Improving the Stability and Robustness of Hyperbolic Neural Networks in the Poincaré Ball Model through Lipschitz Bounds
Name
Yuekang Li
Major
Applied Mathematics and Computational Sciences
Class
2024
About
This is Yuekang Li, majoring in Mathematics. My research interest is the stability and robustness of HNNs in the Poincaré ball model.
Signature Work Project Overview
My SW aims to enhance the robustness and stability of Hyperbolic Neural Networks (HNNs) by implementing Lipschitz regularization within the Poincaré ball model framework. It employs various datasets like WIBB, Actor, Cora, and Pubmed to assess the efficacy of HNNs in node classification tasks, highlighting the significance of the geometric properties of hyperbolic spaces in handling hierarchical and sparse data structures.
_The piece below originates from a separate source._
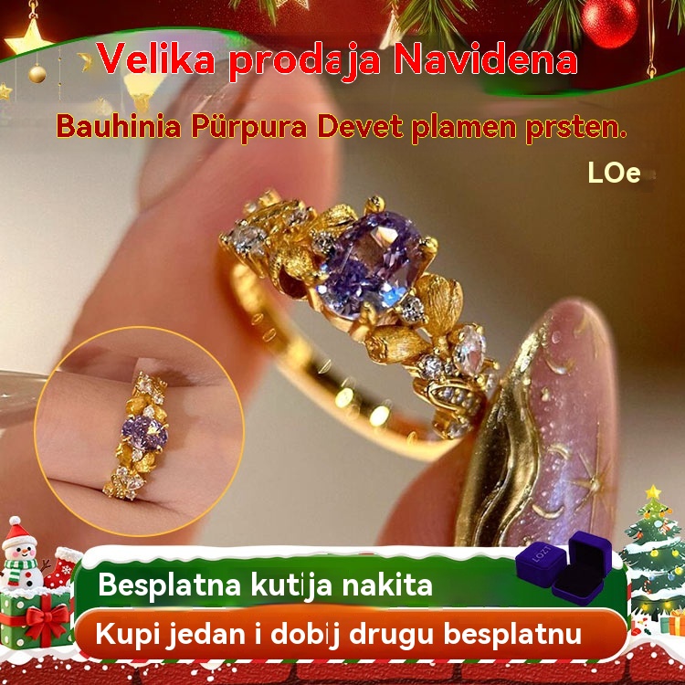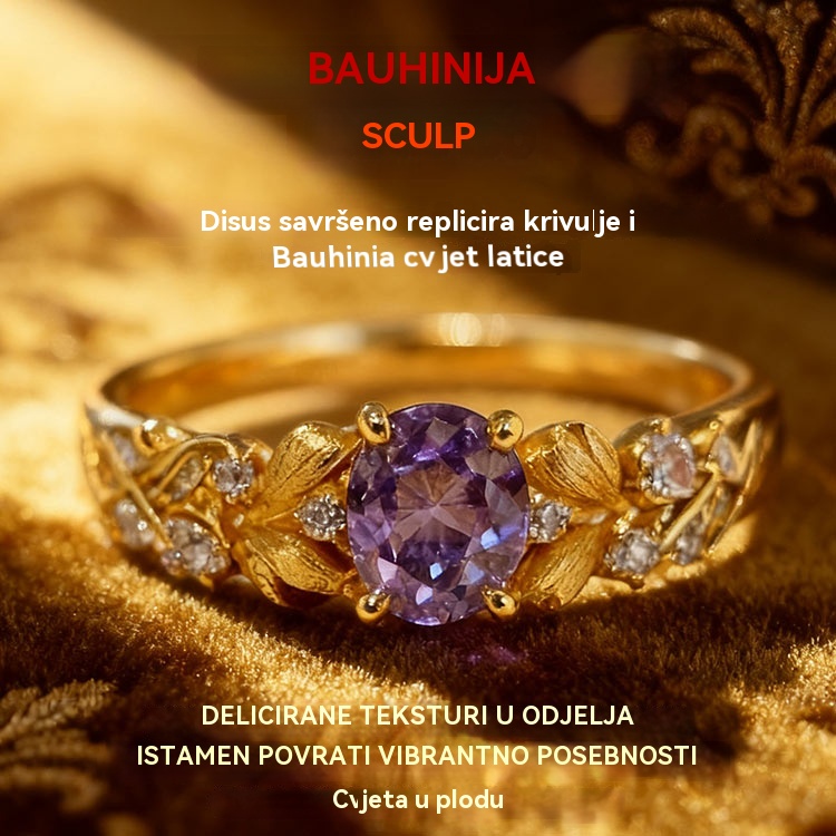 🌸💍Povoljni prsten od cvijeta Bauhinia za žene: luksuzan prsten s ljubičastim dijamantima-4177974

The methodology encompasses verifying Lipschitz bound calculations by introducing Gaussian noise to data features and comparing experimental with theoretical values across different standard deviations. A novel regularization method is introduced, adding the sum of the Lipschitz bounds as a regularization term to the classification loss function, optimizing the model’s training process and its generalization capabilities. The experimental framework evaluates the impact of different regularization strategies on HNN performance, each employing distinct computational approaches for calculating the Lipschitz bound within the hyperbolic space.
The study concludes by emphasizing the potential of Lipschitz regularization in enhancing HNN performance, suggesting future directions for extending the applicability and flexibility of HNNs through in-depth study of alternative hyperbolic operators and extending the framework to hybrid architectures, like hyperbolic graph neural networks, for modeling complex hierarchical data structures.